Читаем Тамерлан полностью

— Очень хороши! — одобрил Тимур. Армянин ему понравился.

— Теперь их там не добудешь!

— Кольчуг? Почему?

— Самим, говорят, надобны.

— Вот, смекни, можешь ли повезти туда индийский товар? Хороший. Чтоб славу нашу не уронить.

— Откуда ж товар взять? Не на что.

— А проехать сумеешь?

— Орда как затычка на пути. Но с перевалкой в Сарае да при сговоре с сарайским купечеством пробраться можно. Провёз бы, да на товар мощи нет.

— Дам. Тебе покажут, отберёшь. Вези. А назад ехать соберёшься изловчись, закупи кольчуг. Не добудешь кольчуг, вези меха. За кольчуги, если привезёшь, сам поблагодарю.

— Мне и в залог оставить нечего, и на дорогу ничего нет.

— То-то. Через неделю купцы готовят караван в Орду с тысячу верблюдов. Из них сотню завьючишь ты. Управишься за неделю?

— Да хоть за час! — пьяным голосом взвизгнул Пушок.

— Сто верблюдов, двести вьюков. Цени доверие. Не обманешь?

Армянин, как во хмелю, только руками разводил.

— На дорогу дадут. На сборы сейчас получишь. Залог не возьму: тебе нечего дать, мне нечего опасаться. Обманешь — меня не обойдёшь, куда денешься?

Тимур улыбнулся своим мыслям: кто станет его обманывать? Есть ли место, куда не дотянулась бы его карающая рука? В Москве спрячется? А на что он ей нужен?

Оставалось лишь договориться о доле Пушка в этом деле: был Пушок купцом, стал приказчиком. Не он первый: Тимуру нужны оборотистые купцы, что залежалую кожу ловчат в золото перевернуть, такие сумеют вывернуться.

На постоялый двор Пушок вернулся без охраны. Но перед ним и без охраны расступались: голова его бойко поднялась, борода закурчавилась, плечи расправились, и снова ступал он по базарной улице мягко, как по коврам шёл.

Едва вернулся, велел кашгарцам готовить целого барана на всех гостей, стоявших на этом постоялом дворе, а сам пошёл в Кожевенный ряд.

Он зашёл в маленький караван-сарай и увидел Мулло Камара, уединённо поглощавшего варёный рис из глиняной чашки.

Чашку Мулло Камар тут же отставил и, вытирая платком руки, встал:

— Милости просим! Возвратились?

— Сейчас вернулся.

— Доброе дело!

— Пришёл вас просить к себе: барашка со мной разделить.

— Благодарствую.

— К тому же серебряный образок прошу возвратить, полноценную деньгу вам принёс.

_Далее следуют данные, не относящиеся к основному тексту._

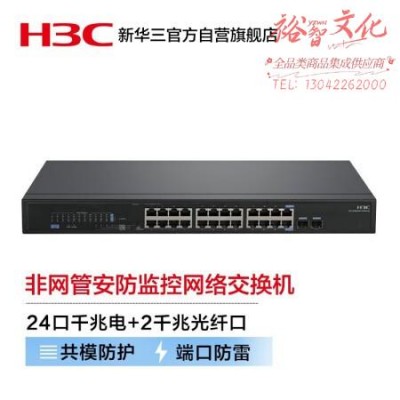 新华三(H3C)安防监控24口千兆电+2千兆光纤口非网管企业级网络交换机 网线分流器/高速稳定传输 MS4024P-EI SKU:yzwhyp328288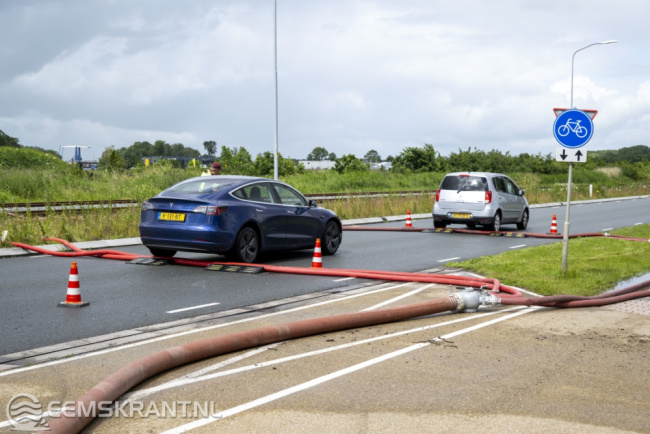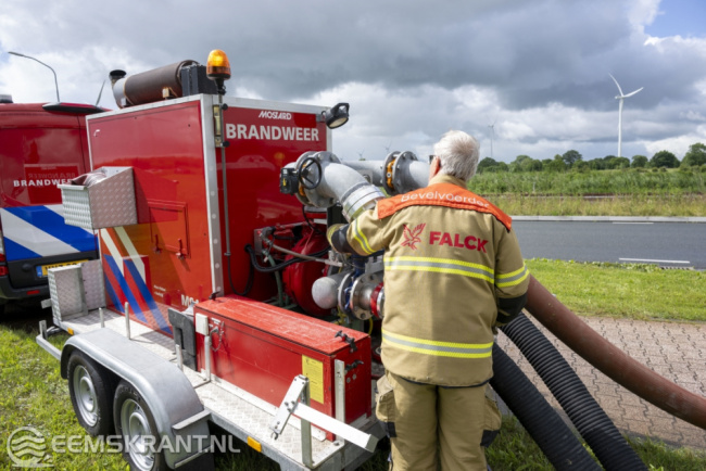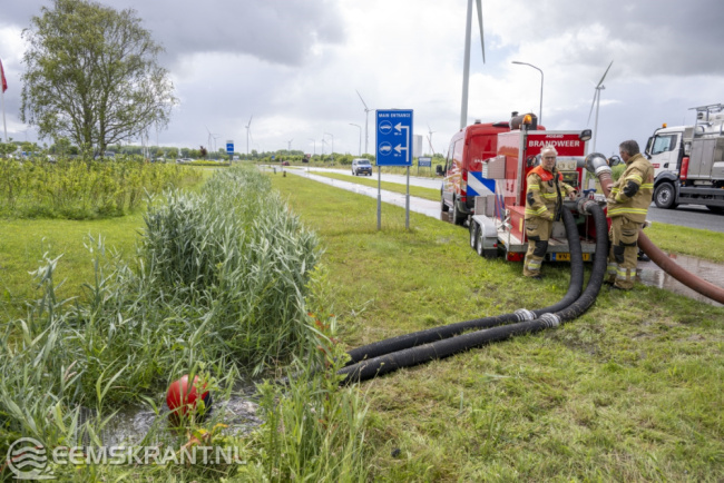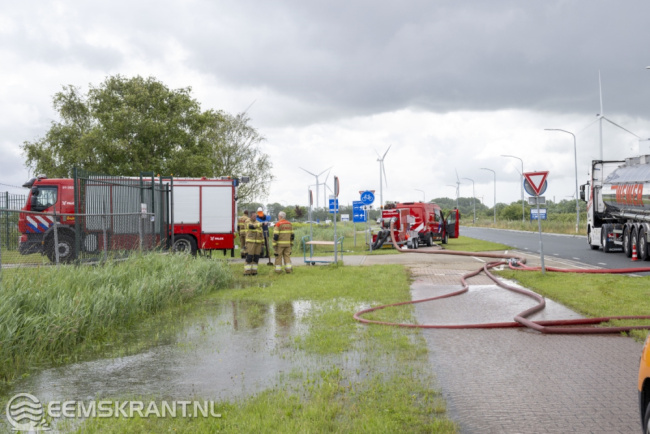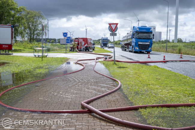 De bedrijfsbrandweer van het Chemiepark werkt samen met een ander bedrijf om het water af te voeren naar het Oosterhornkanaal. Hiervoor zijn slangen op de weg gelegd, wat enige overlast voor het verkeer veroorzaakt.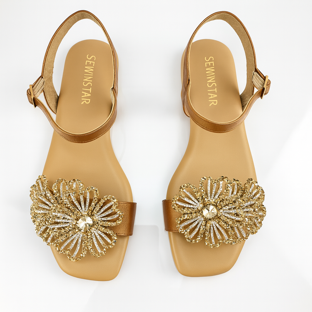 Elevate your style with the Flora Crystal Flats, crafted to bring luxury, comfort, and elegance together in one perfect pair. Designed with a beautifully detailed floral-crystal, these flats deliver a refined sparkle that stands out effortlessly in both Golden and Silver color options. The secure ankle-strap design gives a graceful, supportive fit, while the high-quality TPR sole ensures flexibility, durability, and all-day comfort. Made with premium materials and Sewnstar’s signature craftsmanship, these flats are perfect for festive wear, special occasions, or adding a touch of shine to your everyday outfits.

Свежий чекан.

— Образок? Вы же не в залог его дали, образку хозяин я.

— Мусульманину он бесполезен, а мне дорог.

— Красивая вещь.

— Хорошая. Вот вам деньга, прошу.

— Кто же за одну деньгу продаст такую вещь? В ней одного серебра денег на пять. А работа? К тому же древняя вещь. Дороже десяти стоит.

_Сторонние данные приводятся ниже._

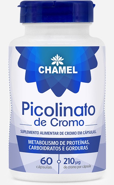 O que e Picolinato de Cromo O cromo e um mineral essencial que participa do metabolismo de carboidratos. proteinas e gorduras. Dessa forma. o cromo contribui para manutencao dos niveis normais de glicose no sangue. segundo orientacoes da Uniao Europeia 1 . Na forma de picolinato. esse mineral apresenta alta biodisponibilidade. ou seja. e melhor absorvido pelo organismo. Embora esteja presente em alimentos como brocolis. carne vermelha. aveia e levedura de cerveja. as quantidades consumidas na alimentacao nem sempre sao suficientes. A deficiencia de cromo pode afetar o metabolismo. dificultando a metabolizacao da glicose e do colesterol. Pra que serve o Picolinato de Cromo O Picolinato de Cromo Chamel e um suplemento mineral que auxilia no metabolismo de proteinas. carboidratos e gorduras. Isso significa que ele contribui para o aproveitamento adequado dos nutrientes que consumimos. colaborando para um bom funcionamento do organismo. Quando aliado a habitos saudaveis. como alimentacao equilibrada e pratica de atividade fisica. pode apoiar dietas e o equilibrio dos niveis de energia ao longo do dia. Como usar o Picolinato de Cromo Ingerir 1 capsula ao dia. de preferencia junto a refeicao principal cafe da manha ou almoco . com um copo de agua. Nao exceder a dosagem recomendada.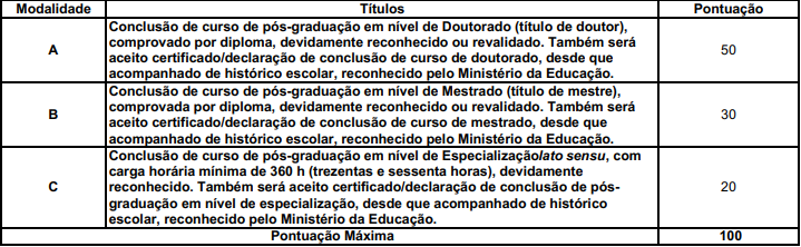 A Prova de Títulos terá caráter exclusivamente classificatório e a nota mínima partirá de 0 (zero) até o máximo de 100 (cem) pontos. Para efeitos de pontuação, somente será aceito 1 (um) título por modalidade.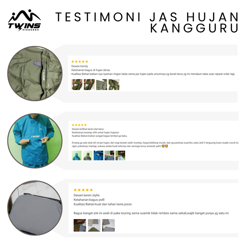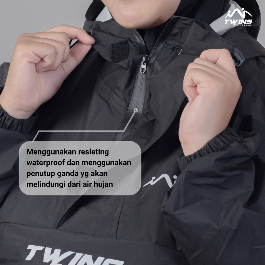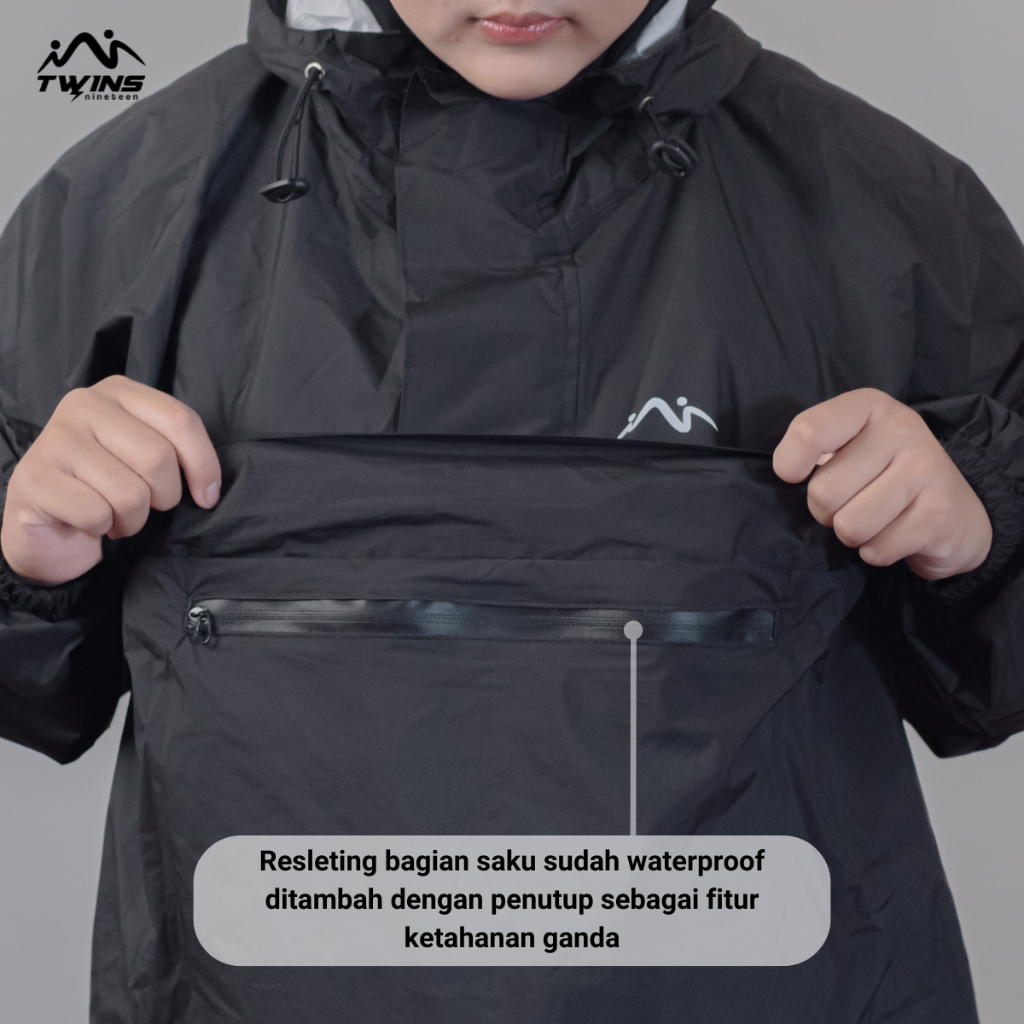 Jas Hujan TWINS19 Jas Hujan Saku Kangguru Pria Wanita Dewasa Anti Air Bahan Taslan Import Raincoat

— Однако вам она досталась дешевле!

— Я её не крал, обманом не выманивал. Дали её мне взамен деньги, а теперь я к ней привык, она мне дороже стала.

— Десять — это много.

— Десять — это своя цена. Я не сказал, что отдам за десять. Цена ей пятнадцать. Берёте?

— Покажите.

— Да вы на неё всю жизнь смотрели — забыли?

— Покажите!

— Пожалуйста.

Мулло Камар сходил в келью, порылся в кисете и вынул оттуда византийский образок с награвированным искусной рукой барашком, лестницей, с какими-то неизвестными надписями на обратной стороне.

— Вот он!

— В него, однако, была ввинчена золотая петелька, чтоб подвесить.

— С петелькой я его и за двадцать не отдам, — золото!

— Пятнадцать даю.

— Меньше двадцати не возьму.

— Давайте!

За эту цену не только византийского барашка, гурт живых можно было купить. Но не пускать же по свету материнское благословение!

Образок возвратился на своё потайное место на армянской груди.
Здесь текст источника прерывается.